## Work to be completed:
Lines of the records that hold the word "wear" are to be counted; give the number and nothing more.

(Beginning of Data to examine)

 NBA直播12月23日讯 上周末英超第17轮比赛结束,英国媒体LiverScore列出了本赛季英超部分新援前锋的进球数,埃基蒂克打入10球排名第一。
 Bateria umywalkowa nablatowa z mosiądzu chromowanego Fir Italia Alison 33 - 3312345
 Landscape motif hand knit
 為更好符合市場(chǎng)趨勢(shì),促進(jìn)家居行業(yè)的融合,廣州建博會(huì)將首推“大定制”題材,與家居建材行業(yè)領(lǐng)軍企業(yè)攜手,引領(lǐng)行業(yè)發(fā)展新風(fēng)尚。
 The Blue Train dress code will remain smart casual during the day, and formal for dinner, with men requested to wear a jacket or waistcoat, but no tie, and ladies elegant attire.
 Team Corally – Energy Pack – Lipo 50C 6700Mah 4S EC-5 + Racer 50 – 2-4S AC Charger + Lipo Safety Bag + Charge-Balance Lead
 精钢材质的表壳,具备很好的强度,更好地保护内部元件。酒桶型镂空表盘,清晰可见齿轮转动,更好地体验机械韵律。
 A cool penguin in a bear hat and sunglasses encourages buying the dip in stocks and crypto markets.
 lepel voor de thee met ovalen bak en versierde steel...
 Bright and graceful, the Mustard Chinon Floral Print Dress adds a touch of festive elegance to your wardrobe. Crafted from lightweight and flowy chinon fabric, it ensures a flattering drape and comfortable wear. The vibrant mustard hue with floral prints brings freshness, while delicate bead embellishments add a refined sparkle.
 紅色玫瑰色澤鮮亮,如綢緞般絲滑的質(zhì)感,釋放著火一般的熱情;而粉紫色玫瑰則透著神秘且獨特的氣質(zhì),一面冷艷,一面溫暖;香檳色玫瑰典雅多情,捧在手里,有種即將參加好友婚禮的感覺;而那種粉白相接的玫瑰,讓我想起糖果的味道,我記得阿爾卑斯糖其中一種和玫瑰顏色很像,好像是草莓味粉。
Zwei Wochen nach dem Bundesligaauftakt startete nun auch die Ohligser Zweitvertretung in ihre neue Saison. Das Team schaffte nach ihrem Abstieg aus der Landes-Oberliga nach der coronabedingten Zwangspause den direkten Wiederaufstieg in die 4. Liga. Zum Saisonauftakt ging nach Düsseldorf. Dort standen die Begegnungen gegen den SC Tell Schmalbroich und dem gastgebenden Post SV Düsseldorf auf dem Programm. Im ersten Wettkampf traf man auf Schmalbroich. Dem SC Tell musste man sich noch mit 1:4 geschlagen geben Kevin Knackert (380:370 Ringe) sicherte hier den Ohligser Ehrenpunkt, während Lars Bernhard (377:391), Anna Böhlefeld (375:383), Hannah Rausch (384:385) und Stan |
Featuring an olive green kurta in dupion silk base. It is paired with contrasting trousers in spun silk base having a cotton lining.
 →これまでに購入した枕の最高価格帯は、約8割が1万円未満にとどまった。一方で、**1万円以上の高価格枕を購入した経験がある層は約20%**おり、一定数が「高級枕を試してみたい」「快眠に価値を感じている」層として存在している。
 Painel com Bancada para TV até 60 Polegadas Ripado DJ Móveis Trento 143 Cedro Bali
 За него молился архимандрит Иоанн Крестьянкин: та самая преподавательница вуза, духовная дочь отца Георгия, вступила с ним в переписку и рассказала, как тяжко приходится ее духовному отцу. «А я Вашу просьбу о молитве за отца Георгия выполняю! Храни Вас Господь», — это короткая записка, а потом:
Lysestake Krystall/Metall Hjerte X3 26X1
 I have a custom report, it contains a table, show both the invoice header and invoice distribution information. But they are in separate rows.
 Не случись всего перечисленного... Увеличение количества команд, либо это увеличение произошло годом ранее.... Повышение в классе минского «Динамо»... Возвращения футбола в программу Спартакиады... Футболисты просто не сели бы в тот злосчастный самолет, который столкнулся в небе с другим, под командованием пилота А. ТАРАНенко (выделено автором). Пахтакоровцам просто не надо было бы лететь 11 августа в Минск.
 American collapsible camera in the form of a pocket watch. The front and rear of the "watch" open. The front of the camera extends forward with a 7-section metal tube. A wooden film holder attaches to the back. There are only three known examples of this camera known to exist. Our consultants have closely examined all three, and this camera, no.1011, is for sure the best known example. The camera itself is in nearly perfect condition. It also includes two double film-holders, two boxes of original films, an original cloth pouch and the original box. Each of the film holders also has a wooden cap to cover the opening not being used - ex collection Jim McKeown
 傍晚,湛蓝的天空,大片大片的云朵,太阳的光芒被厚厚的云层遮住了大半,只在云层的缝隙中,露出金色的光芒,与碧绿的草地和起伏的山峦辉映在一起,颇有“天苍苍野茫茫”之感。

(End of Data to examine)

## Answer space:
2